Once the line holding "Molde silicona corazones" is found, output it and all remaining lines of the data exactly, with every picture left out.

# [Given material]
——————

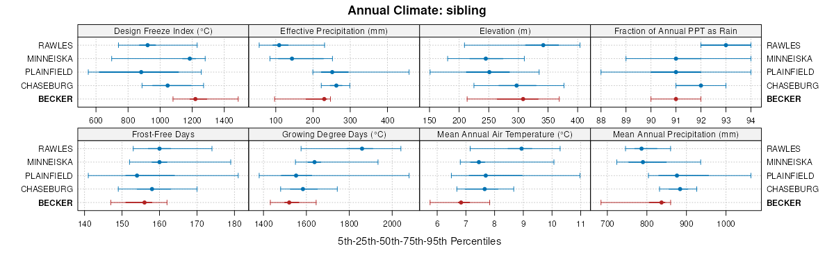 Select annual climate data summaries for the BECKER series and competing. Series are sorted according to hierarchical clustering of median values. Source: SSURGO map unit geometry and 1981-2010, 800m PRISM data .
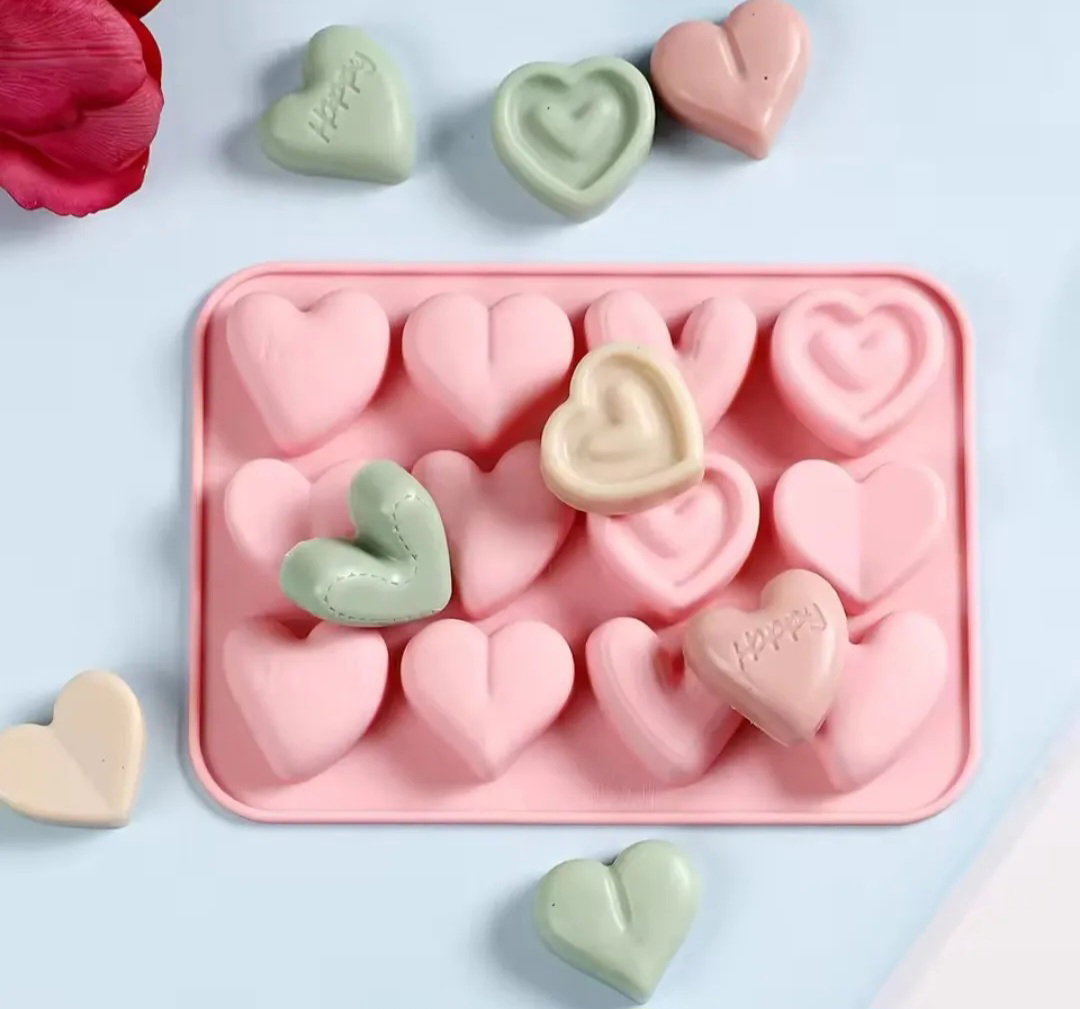 Molde silicona corazones para bombones jabones color rosa
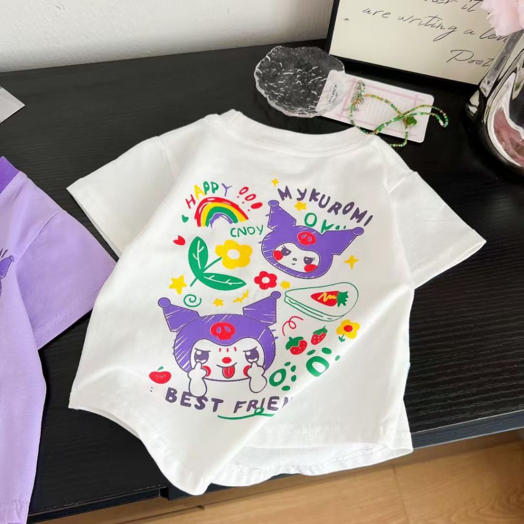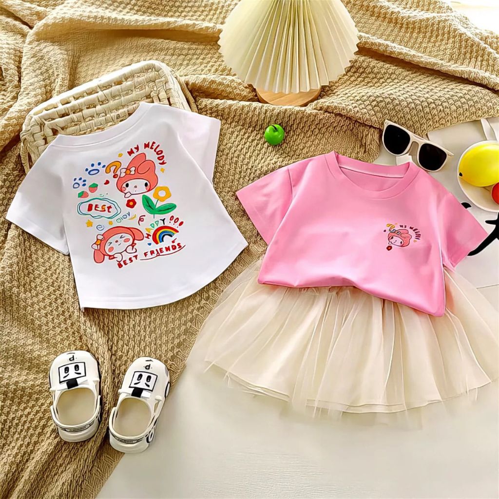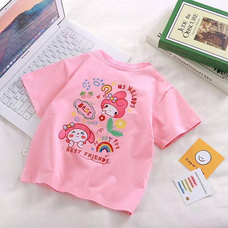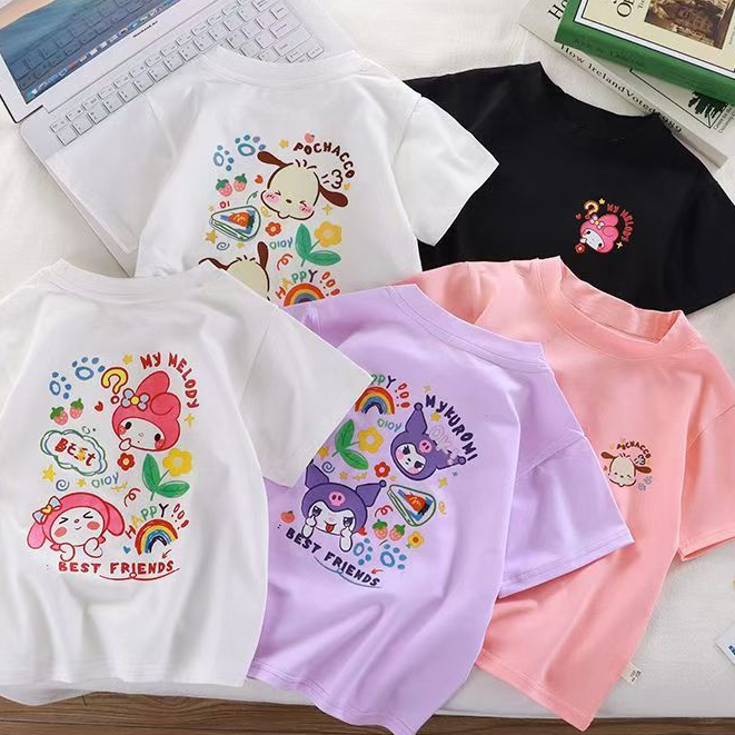Atasan katun untuk anak perempuan berusia 2-10 tahun, kaos bergambar kartun My Melody KUromi

——————

# [Written solution]
 Molde silicona corazones para bombones jabones color rosa
Atasan katun untuk anak perempuan berusia 2-10 tahun, kaos bergambar kartun My Melody KUromi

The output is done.